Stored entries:

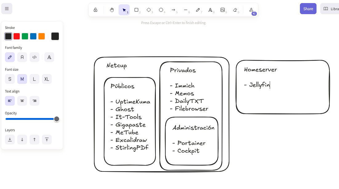Excalidraw es una pizarra infinita. Nos permite crear hermosos gráficos con un estilo de dibujo a mano para presentar a otros, para desarrollar ideas, tomar notas y muchas cosas más.
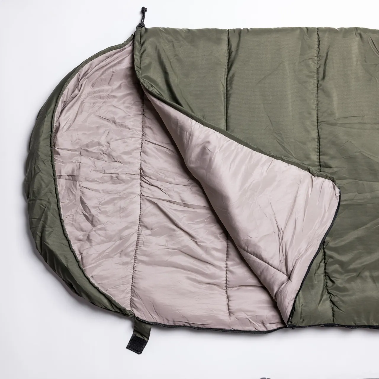 Спальный мешок выполнен в темно-оливковом цвете, что делает его неприхотливым в уходе и устойчивым к загрязнениям, часто возникающим в полевых условиях. Его конструкция позволяет использовать изделие не только для сна, но и как удобное одеяло или подстилку, что значительно расширяет возможности применения.
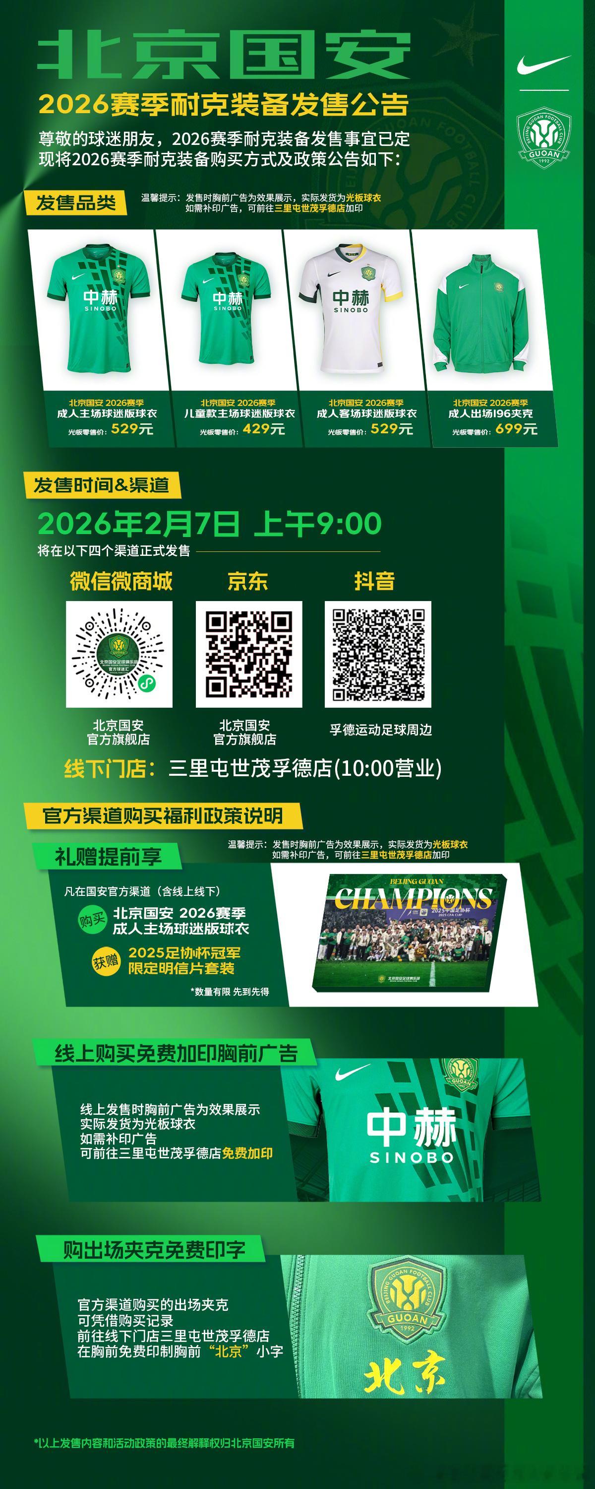 2026 赛季耐克全新装备上线💚,工体光影织入战袍,新赛季并肩向前! 网页链接
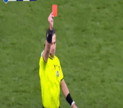 第70分钟,姆希塔良禁区倒地造点,孔蒂不满判罚被罚下
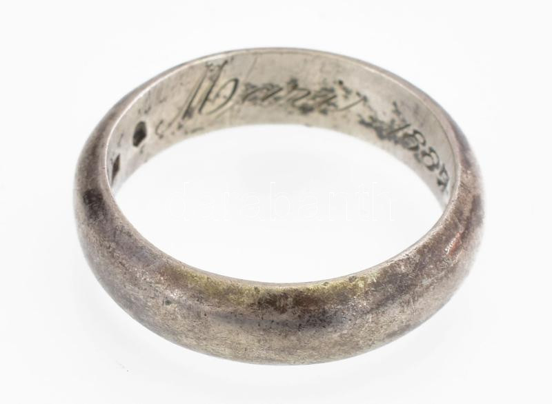 Leírás: Ezüst(Ag) gyűrű, jelzett, belsejében felirattal, méret: 63, nettó: 8 g
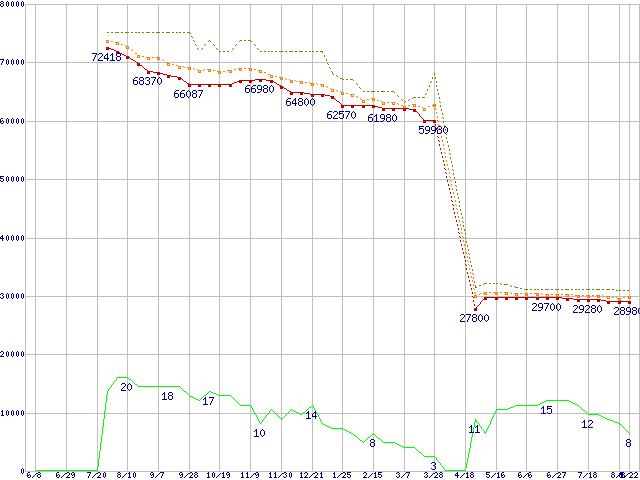 | Core 2 Quad Q6700 (2.66GHz,L2 4MB×2)の価格推移 | | | (2007年6月8日~2008年8月22日) |
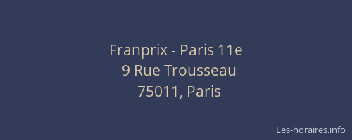 Voici les horaires de Franprix - 11e situé à Paris,
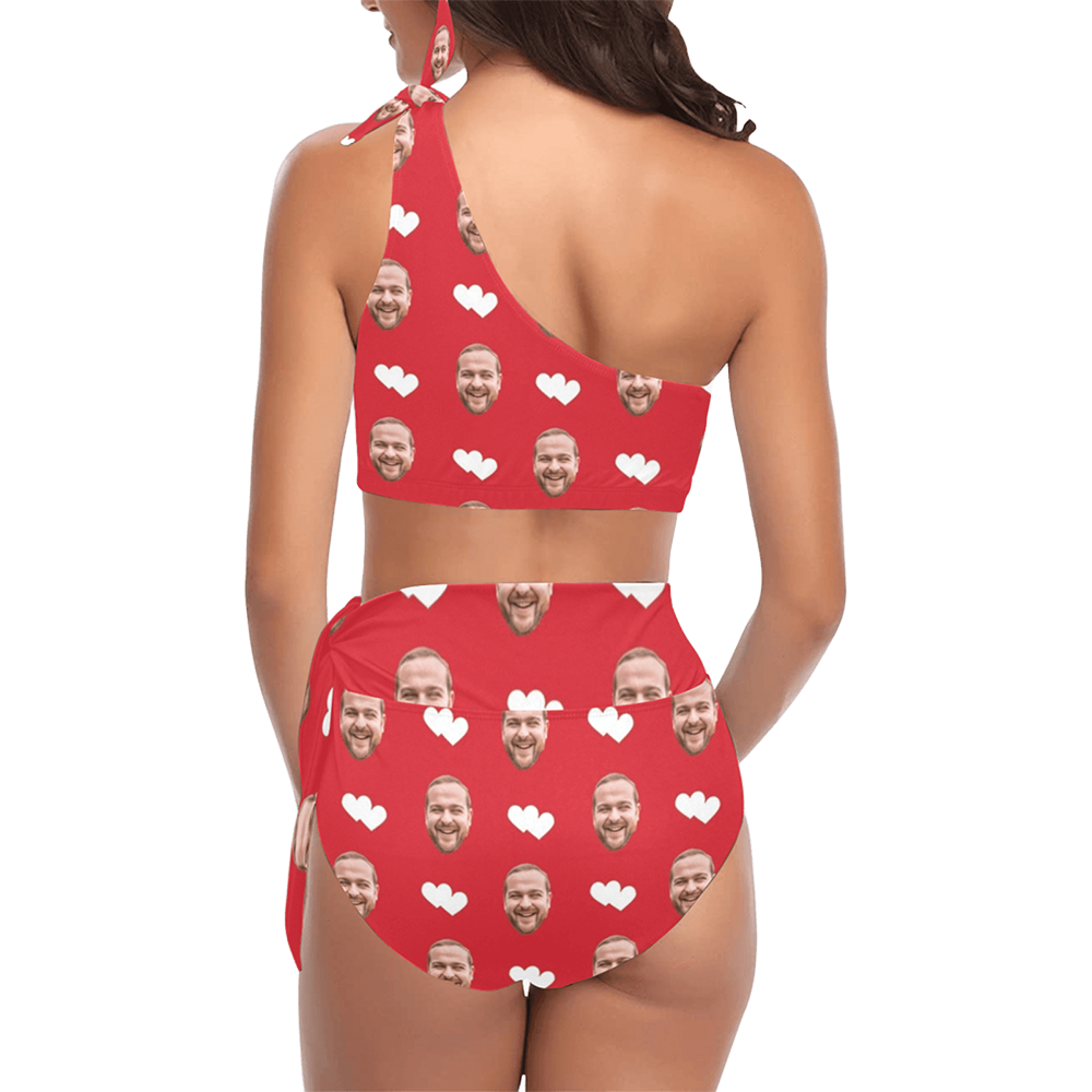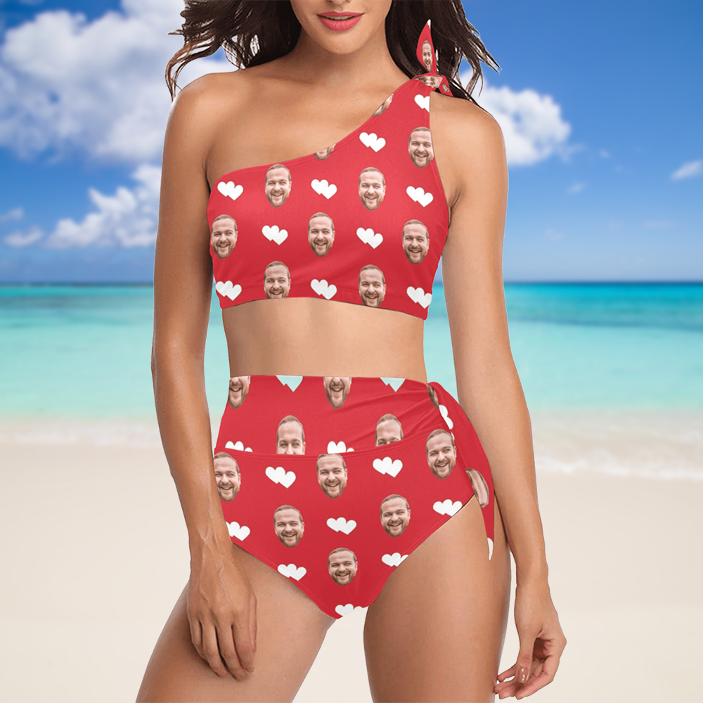 Custom Heart Face Red Swimsuit | Personalized Women's High Waisted One Shoulder Bikini Set For Cruise Trip

▸ About this exercise
Copy all of the entries verbatim, leaving out any pictures they contain.

▸ Reply to the task
Excalidraw es una pizarra infinita. Nos permite crear hermosos gráficos con un estilo de dibujo a mano para presentar a otros, para desarrollar ideas, tomar notas y muchas cosas más.
 Спальный мешок выполнен в темно-оливковом цвете, что делает его неприхотливым в уходе и устойчивым к загрязнениям, часто возникающим в полевых условиях. Его конструкция позволяет использовать изделие не только для сна, но и как удобное одеяло или подстилку, что значительно расширяет возможности применения.
 2026 赛季耐克全新装备上线💚,工体光影织入战袍,新赛季并肩向前! 网页链接
 第70分钟,姆希塔良禁区倒地造点,孔蒂不满判罚被罚下
 Leírás: Ezüst(Ag) gyűrű, jelzett, belsejében felirattal, méret: 63, nettó: 8 g
 | Core 2 Quad Q6700 (2.66GHz,L2 4MB×2)の価格推移 | | | (2007年6月8日~2008年8月22日) |
 Voici les horaires de Franprix - 11e situé à Paris,
 Custom Heart Face Red Swimsuit | Personalized Women's High Waisted One Shoulder Bikini Set For Cruise Trip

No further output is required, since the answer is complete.